== RECORDS TO PROCESS ==
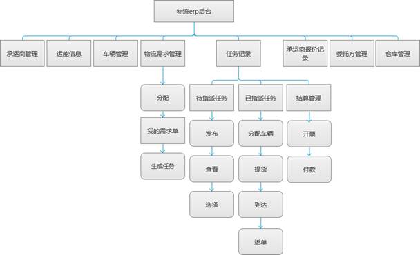 信息流管理平臺TMS模塊結構圖如下所示,分為承運商管理、運能信息、車輛管理、物流需求管理、任務記錄、承運商報價記錄、委托方管理、倉庫管理等部分:
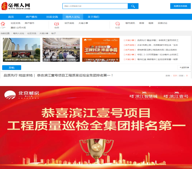 近日,安徽二建第四分公司亳州濱江壹號(hào)項(xiàng)目在北京城房集團(tuán)6個(gè)城市40個(gè)精品工程質(zhì)量巡檢中脫穎而出,喜獲第一名。
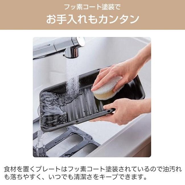 プレート本体とカバーを合わせて使用することで油はねを軽減し、グリル庫内をキレイに保ちます。
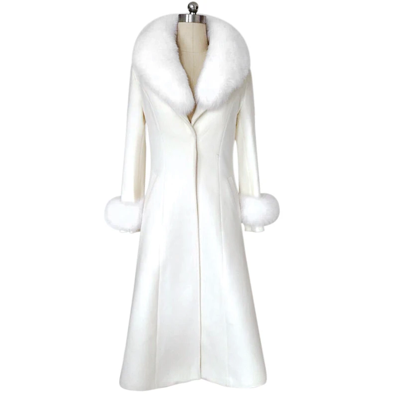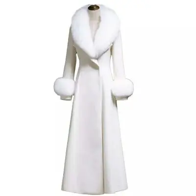 Женское шерстяное пальто, белое пальто с меховым воротником, теплая Длинная зимняя куртка, размера плюс 3XL!
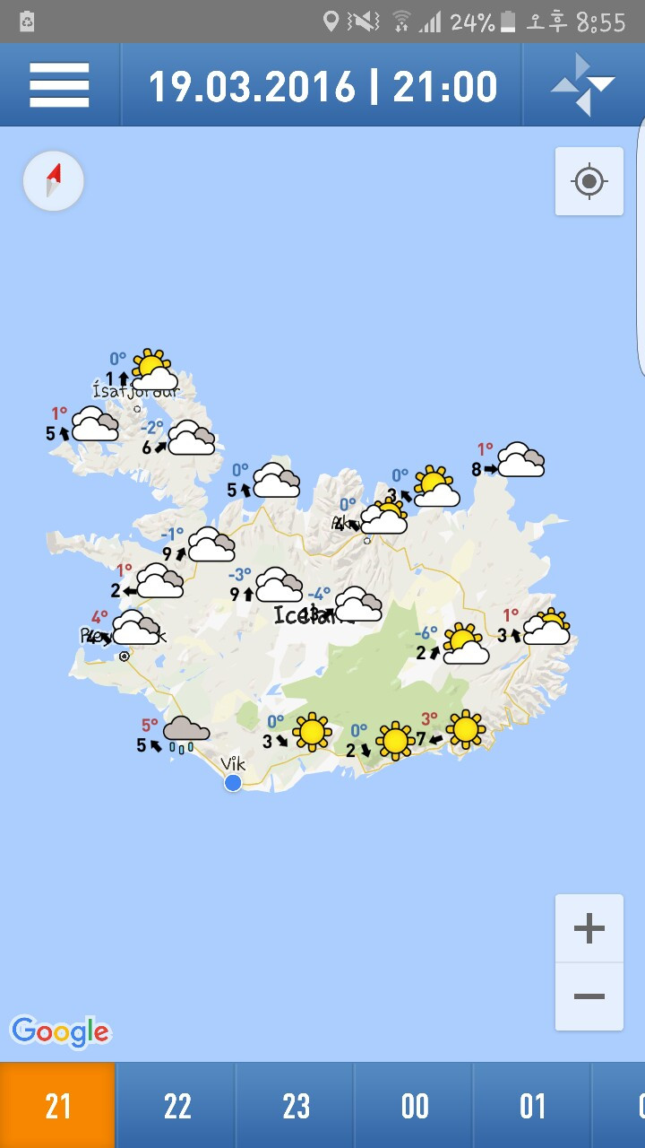 이미 알고 있던 기상 상황이었지만 '마지막 기회'라는 말에 눈이 번쩍 뜨인다. 시도 때도 없이 변하는 아이슬란드의 날씨는 좀처럼 가늠할 수 없어서 날씨 예보를 보는 것이 별 의미가 없다. 날씨 어플에서는 내일 밤이 꽤 맑다고 나와있긴 했지만 지난밤처럼 구름이 순식간에 몰려와 하늘을 뒤덮으면 소용없는 일이다. 아직 오로라를 구경도 못한 우리의 마음에 종현이형의 카톡이 불을 지폈다.
===
# WORK ORDER:
The expected output is an exact copy of the lines from the one with "近日,安徽二建第四分公司亳州" to the final line of the entries above, pictures excepted; please include both ends.

# EXERCISE SOLUTION:
 近日,安徽二建第四分公司亳州濱江壹號(hào)項(xiàng)目在北京城房集團(tuán)6個(gè)城市40個(gè)精品工程質(zhì)量巡檢中脫穎而出,喜獲第一名。
 プレート本体とカバーを合わせて使用することで油はねを軽減し、グリル庫内をキレイに保ちます。
 Женское шерстяное пальто, белое пальто с меховым воротником, теплая Длинная зимняя куртка, размера плюс 3XL!
 이미 알고 있던 기상 상황이었지만 '마지막 기회'라는 말에 눈이 번쩍 뜨인다. 시도 때도 없이 변하는 아이슬란드의 날씨는 좀처럼 가늠할 수 없어서 날씨 예보를 보는 것이 별 의미가 없다. 날씨 어플에서는 내일 밤이 꽤 맑다고 나와있긴 했지만 지난밤처럼 구름이 순식간에 몰려와 하늘을 뒤덮으면 소용없는 일이다. 아직 오로라를 구경도 못한 우리의 마음에 종현이형의 카톡이 불을 지폈다.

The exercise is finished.